Nada importa lo suficiente como para generar una respuesta de rechazo masivo, siempre y cuando se mantenga cierto nivel de tranquilidad en las esferas personales.
Foucault, en El pensamiento del afuera, juega con la paradoja de Epiménides. ¿Miente el cretense al decir que todos los cretenses mienten?
Recuerda el filósofo francés. La verdad griega se estremeció con la siguiente afirmación: miento. Hablo.
Para mentir es necesario hablar. La intención de lo falso antecede la palabra que se expresa hacia afuera. El hablar, como verbo solitario, está exento de otras impurezas. Se define por su acto. La mentira, no.
El universo de aparentes contradicciones importa poco. Una paradoja es una idea que se puede contradecir, no una contradicción. Es claro que uno se puede mentir a sí mismo. El problema será otro. También, que la verdad se habla.
Occidente, como otras latitudes convertidas en idearios, filosofías o estructuras políticas, así sean proverbiales, está hecho de sus verdades construidas. De los mandamientos abrahámicos y la coincidencia en sus doctrinas emblemáticas, pasando por las nociones de los derechos humanos, la libertad o la igualdad.
Moverse rápido y romper cosas fue el lema efímero de una generación reciente para la cual el espacio digital ocupó terrenos palpables, hasta devorarlos.
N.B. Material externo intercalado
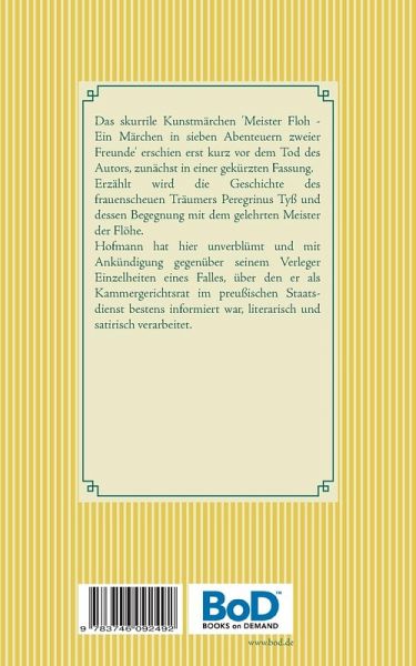 Das skurrile Kunstmärchen 'Meister Floh - Ein Märchen in sieben Abenteuern zweier Freunde' erschien erst kurz vor dem Tod des Autors, zunächst in einer gekürzten Fassung. Erzählt wird die Geschichte des frauenscheuen Träumers Peregrinus Tyß und dessen Begegnung mit dem gelehrten Meister der Flöhe.Hofmann hat hier unverblümt und mit Ankündigung gegenüber seinem Verleger Einzelheiten eines Falles, über den er als Kammergerichtsrat im preußischen Staatsdienst bestens informiert war, literarisch und satirisch verarbeitet.

En esa estructura de pensamiento no resulta necesario ocuparse de consecuencias, efectos, principios. Quizá sea momento de dejar de lado la palabra disruptivo. La velocidad, como la juventud, vistas a manera de atributo político y social prescinden de lo reflexivo y del pensamiento profundo. Se hacen valores olvidando que ese valor no corresponde a nada más que a su condición.
Todos pensamos, es una obviedad. Bajo esa premisa eliminamos la profesionalización del pensamiento. Escribo unas líneas en las redes sociales, escribo un libro. Un texto al que se le llama indistintamente ensayo, artículo o nota. Todos escriben. Misma relación y falsa jerarquía. Simplemente por el tiempo dedicado, por las lecturas previas, por la búsqueda de duda en ellas. Por la inconformidad.
El “miento, hablo” capaz de romper, según Foucault, con cualquier ficción moderna, dejó los espacios narrativos de la literatura o el cine para asentarse en la vida diaria.
Para muchos, el habla de la arrogancia trumpista logra verse como verdad en el aire de los tiempos. La invasión de los migrantes, las vacunas y la ciencia despreciadas, el intercambio que ofende, comercial y cultural, identitariamente. Nada importa que toda sociedad, sin excepción, haya encontrado sus mejores momentos gracias al intercambio. Lo proclamado en una frase simplista no puede ser rebatido de igual forma, sin caer en un reduccionismo que termina por darle ventaja. Es extremadamente sencillo descalificar en una frase las herramientas de la democracia o el espíritu liberal. Es imprescindible un par de párrafos, al menos, para argumentar contra la descalificación. Y no queremos dedicarles tiempo a esos dos párrafos.
Tenemos las lógicas de expresión y recepción en lo digital instauradas para la valoración de políticas públicas.
Durante estos últimos años le llamamos populismos a retóricas que utilizan sus recursos, como si repitiesen los llamados de expresiones semejantes, previas. No. Es algo más: la nuestra es una época donde lo que hemos ido modificando es el valor de la verdad, de las verdades fundacionales de la sociedad contemporánea en sus mejores episodios.
Las voces en la Casa Blanca son la expresión de ese cambio, su síntoma máximo y la exacerbación de un vehículo: la mentira, en los códigos revisados por Foucault. En su noción de Estado, el equilibrio entre conocimiento, ergo verdad, habilidades técnicas y racionalidad, es decir el juicio adecuado en pos del menor daño respecto a las consecuencias de las acciones, conduce a la gobernanza de la sociedad como un colectivo cívico y organizado. Ninguna de estas características se encuentra hoy en Washington. Por su papel en el mundo, es frecuente leer las advertencias de quienes argumentan los riesgos en las intenciones de distintos gobiernos que buscan reemplazar a Estados Unidos en lo político, filial o comercial. El reacomodo del mundo en esferas regionales quiere suplir el espacio que se va dejando, asumiendo irreductible la frase que reza: a la realidad no le gustan los vacíos y estos siempre se llenan por alguien, aunque no sea el indicado. Antes que eso, debemos preocuparnos por la posibilidad de que el vacío, por una vez, quede en ese estado. Sin un solo punto en común. Ni siquiera qué es verdad.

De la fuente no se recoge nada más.